____ DATA SEGMENT
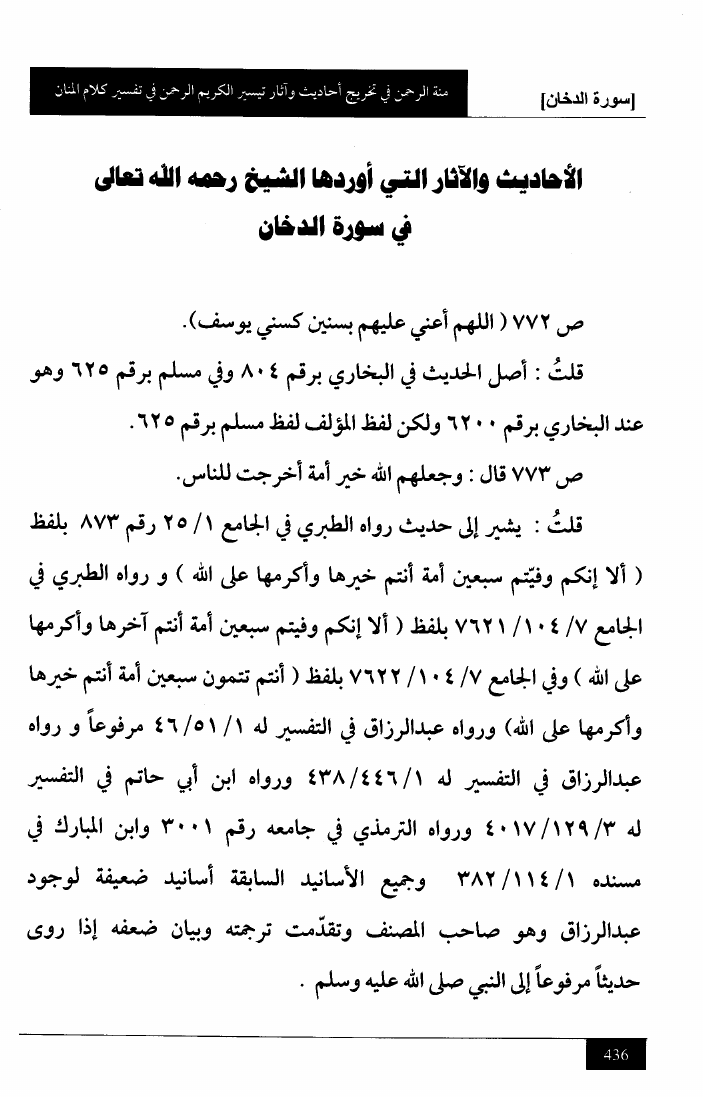 منة الرحمن في تخريج أحاديث وآثار تيسير الكريم الرحمن في تفسير كلام المنان
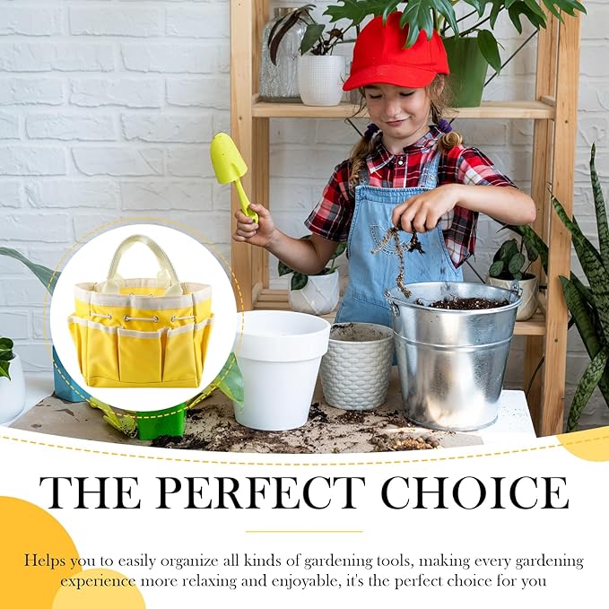 Small Garden Tote Bag Oxford Waterproof with 8 Pockets Gardening Plant Tool Organizer Storage Carrier Store for Outdoor Children (Yellow)
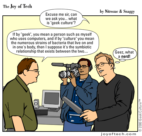 Welcome to the Joy of Tech... illustrated by Nitrozac and written by Nitrozac and Snaggy. It's a little bit simpler in style than our other comic After Y2K, and a little more topical. We hope you enJoy!
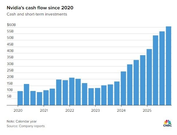 Hãng tin CNBC cho hay Nvidia đang ở vào thời điểm hiếm có trong lịch sử ngành công nghệ: sở hữu một núi tiền mặt lớn đến mức chính công ty cũng phải tự hỏi sẽ làm gì với nó.
________
INSTRUCTIONS TO FOLLOW:
Line by line, restate the data above exactly as it stands, minus the pictures.

YOUR RESPONSE:
 منة الرحمن في تخريج أحاديث وآثار تيسير الكريم الرحمن في تفسير كلام المنان
 Small Garden Tote Bag Oxford Waterproof with 8 Pockets Gardening Plant Tool Organizer Storage Carrier Store for Outdoor Children (Yellow)
 Welcome to the Joy of Tech... illustrated by Nitrozac and written by Nitrozac and Snaggy. It's a little bit simpler in style than our other comic After Y2K, and a little more topical. We hope you enJoy!
 Hãng tin CNBC cho hay Nvidia đang ở vào thời điểm hiếm có trong lịch sử ngành công nghệ: sở hữu một núi tiền mặt lớn đến mức chính công ty cũng phải tự hỏi sẽ làm gì với nó.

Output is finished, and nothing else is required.